[Start of section]

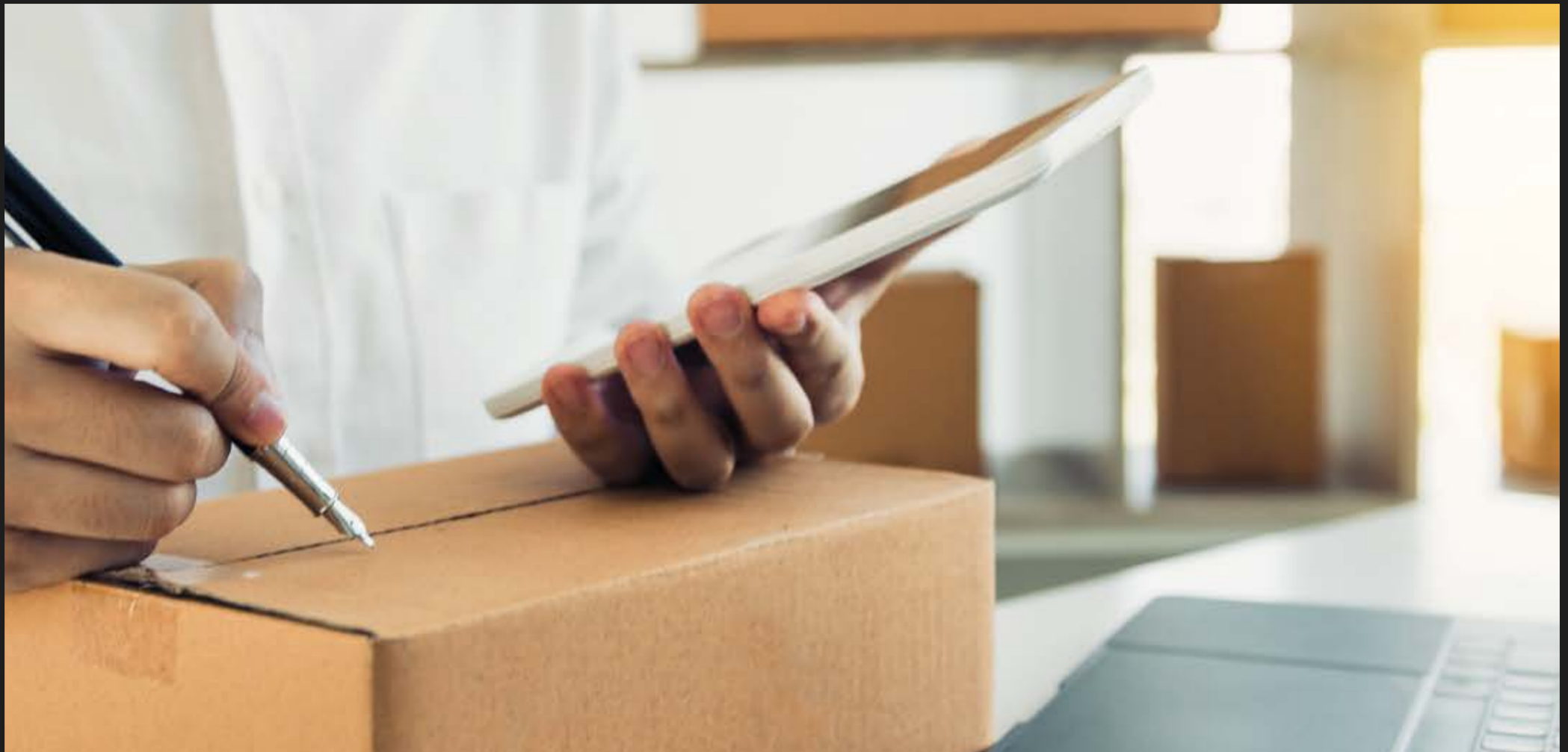
Sala de Ecommerce con refrigeradores, para guardar todas tus compras online mientras estés ausente.
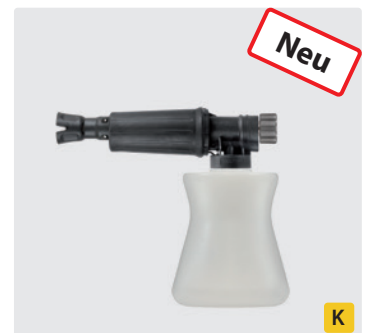
TR20 IG. Edelstahl. Schauminjektorlanze mit Dosierung und Flasche. Max. 300 bar / 80 °C
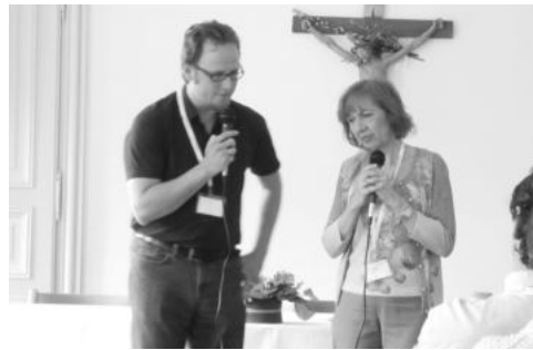
현 국제틴스타 대표 Dr.필라의 개회사

[End of section]

● ASSIGNMENT: The complete listing must be transcribed verbatim, and all pictures are to be omitted.

● YOUR SOLUTION:
Sala de Ecommerce con refrigeradores, para guardar todas tus compras online mientras estés ausente.
TR20 IG. Edelstahl. Schauminjektorlanze mit Dosierung und Flasche. Max. 300 bar / 80 °C
현 국제틴스타 대표 Dr.필라의 개회사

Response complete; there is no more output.